ところでFacebookがこれだけ巨大化ができた最も大きな要因は、創立者でCEOでもあるマーク・ザッカーバーグの情熱と言われています。

彼はお金には興味のない人間で、Facebookに対しさまざまな買い手が繰り返す巨額の申し出を全てを拒否し「ざまざな情報へのアクセスを拡大して情報共有を広げることにより、世界をもっとオープンな場所にできる」「もっとオープンで透明な世界では、人々が社会的規範を尊重し、責任ある行動をするようになる」という、彼の純粋な目標実現に向けてFacebookの開発を進めて来ました。

彼の考えに対しては、理想的すぎる、とプライバシー問題の観点から問題指摘をする人も多く、実際に今回ご紹介した3件以外にもセキュリティ問題が発生しています。
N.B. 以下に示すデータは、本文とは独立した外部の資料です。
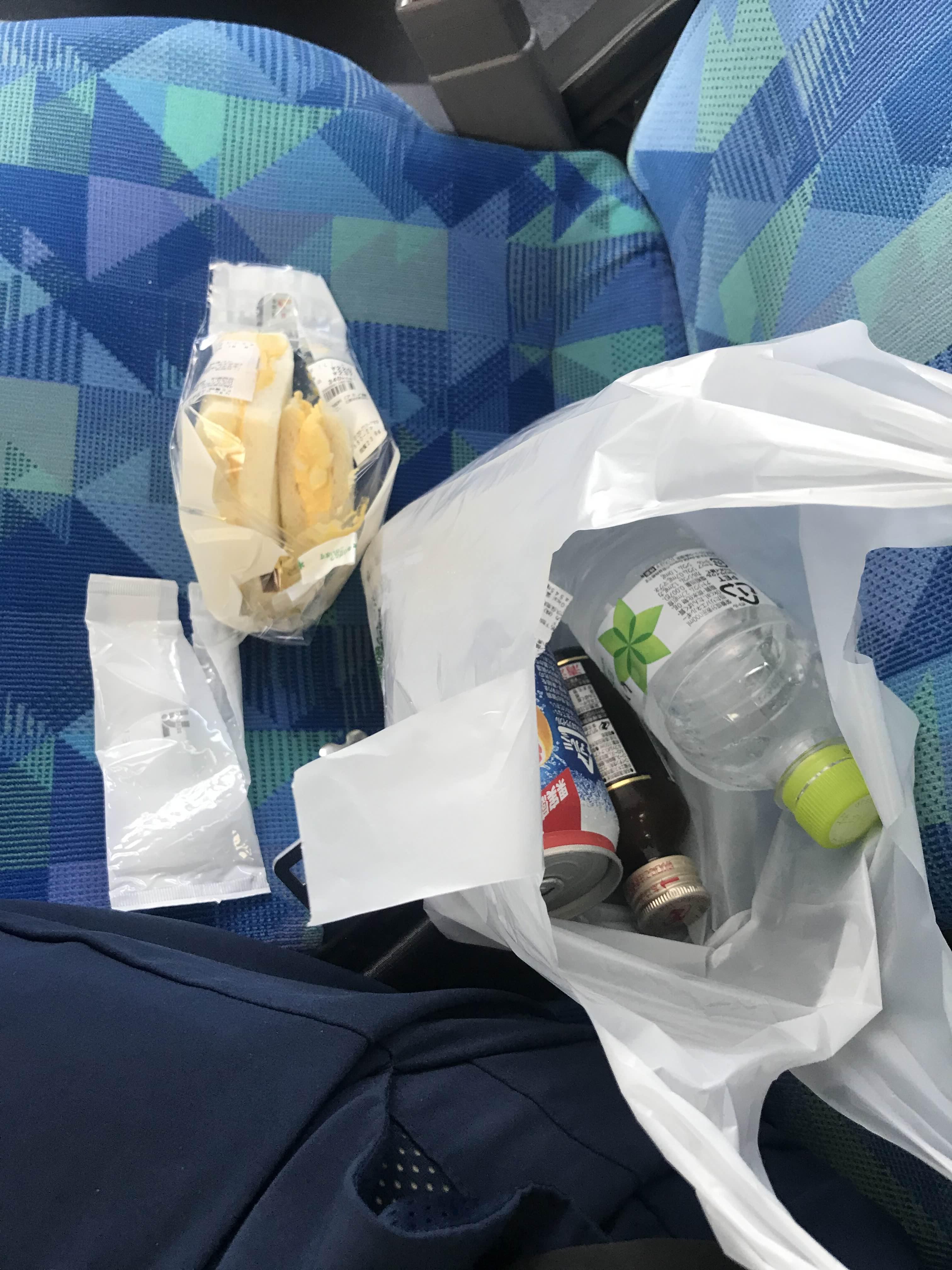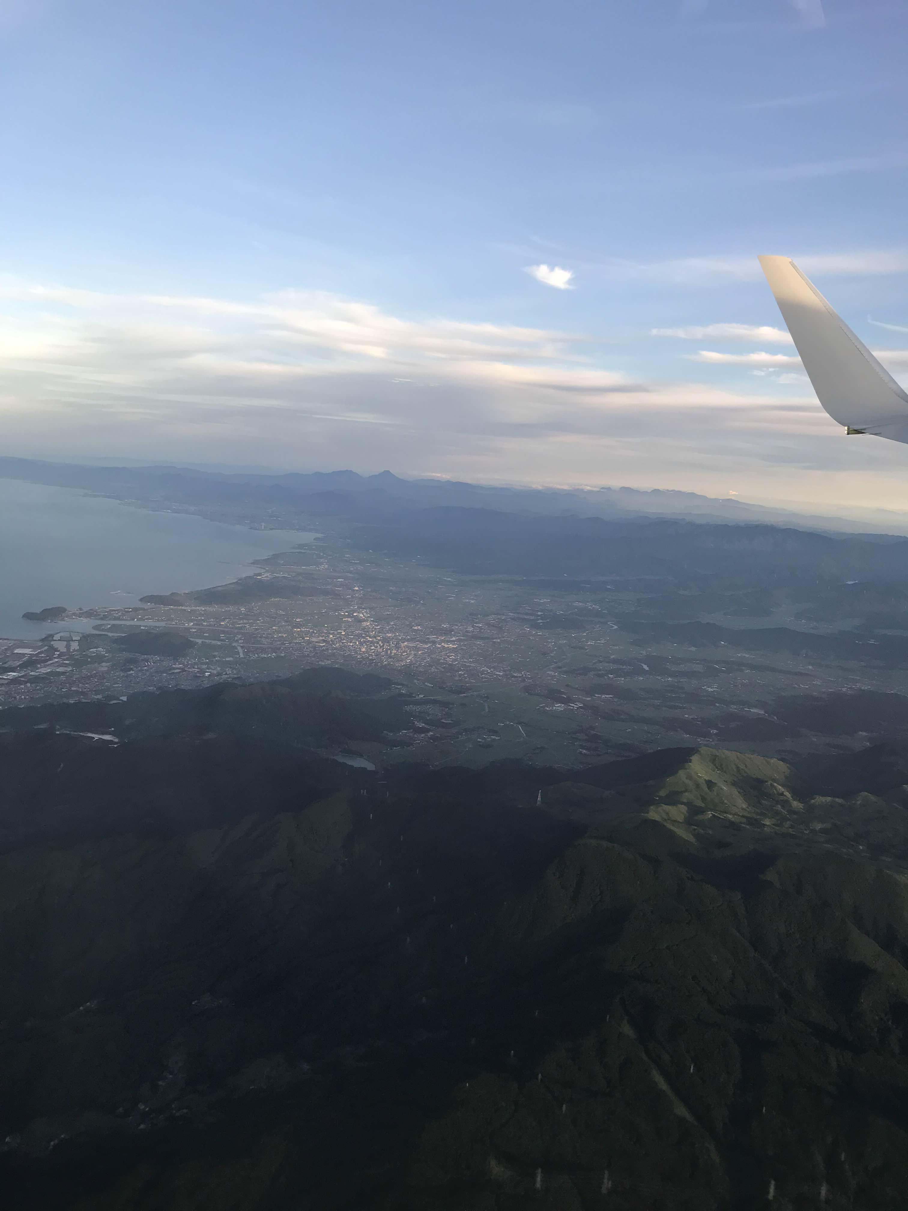(1830) 비행기 탑승&이륙: 비행기 문이 닫히고 안전수칙을 들은 후 거의 바로 이륙한다. 이륙 후 15분이면 이미 대마도를 지나갈 정도로 가까운 거리다.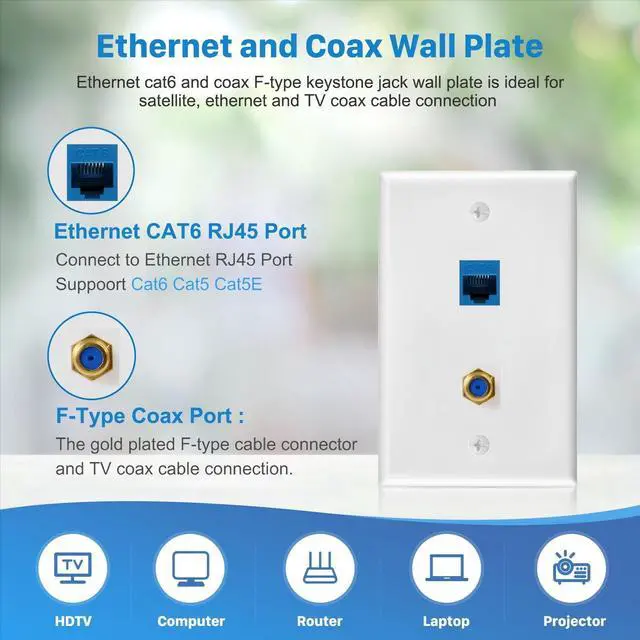 Cat6 and Coax F-Type Wall Plates: The wall plate fits flush to the wall and allows the ethernet/network cable to run from one side to another. The ethernet RJ45 keystone jack is compatible with Cat6, Cat5, and Cat5e network ethernet cables. This wall plate is ideal for satellite, ethernet, and TV coax cable connections. Conceal the cables in the wall for a neat appearance, eliminating wire clutter. Enhance the décor of your home or office while hiding cables.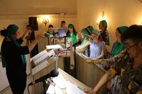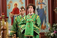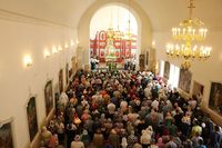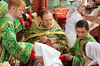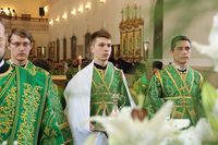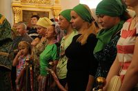 Во время литургии богослужебные песнопения исполняли четыре церковных хора: архиерейский хор Свято-Воскресенского кафедрального собора, хор Владимирского собора, сборный хор от нескольких приходов епархии и квартет пономарей – воспитанников благочинного Ошского округа протоиерея Виктора Реймгена. Его Преосвященство поблагодарил всех исполнителей и пожелал им вечного спасения и благодатной помощи Божией в несении послушания.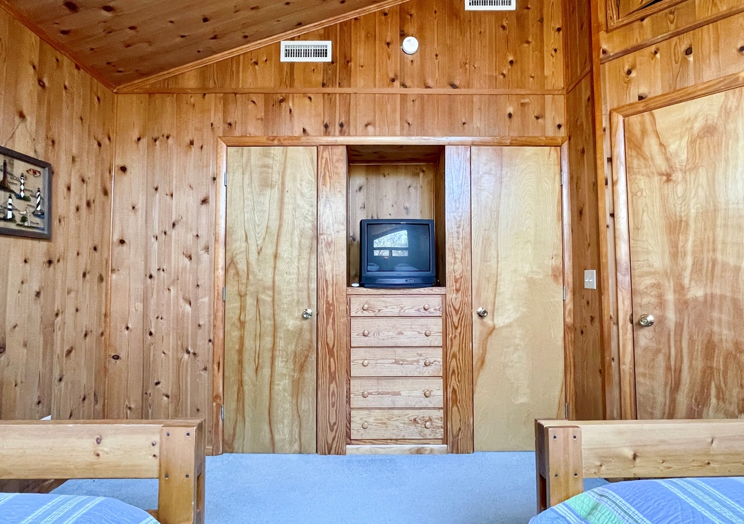 Second Floor: Primary Bedroom with Queen, TV, and bathroom with shower stall. Bedroom with Queen and bedroom with two twins which share a half bathroom.

一方で、設立当初よりザッカーバーグはFacebook成功のためにはユーザーのプライバシー保護が欠かせないことも理解しており、プライバシー機能の改善を繰り返してきました。

でも残念ながら、これらの機能がユーザーにあまり知られていないこと、加えて、悪意ある利用者による不正利用やFacebook側自身の問題などもあり今まで数多くのセキュリティ問題が発生しています。

私たちはこういった現状を把握し、SNSを使うときにはプライバシー機能を必ず利用するなど、できるところからでも「自衛する」という意識を持つ必要があります。

そしていつの日か、ザッカーバーグが理想に掲げたような、安全なSNSが実現されることを期待したいですよね!

 

参照元
スコット・ギャロウェイ「the four GAFA 四騎士が創り変えた世界」[東洋経済新聞社](クリック件数が300件を超えるとユーザー本人よりもユーザーについて深く理解できる、そして社会は分断される))
デビッド・カークパトリック著「フェイスブック 若き天才の野望」[日経BP社](ザッカーバーグの想いについて)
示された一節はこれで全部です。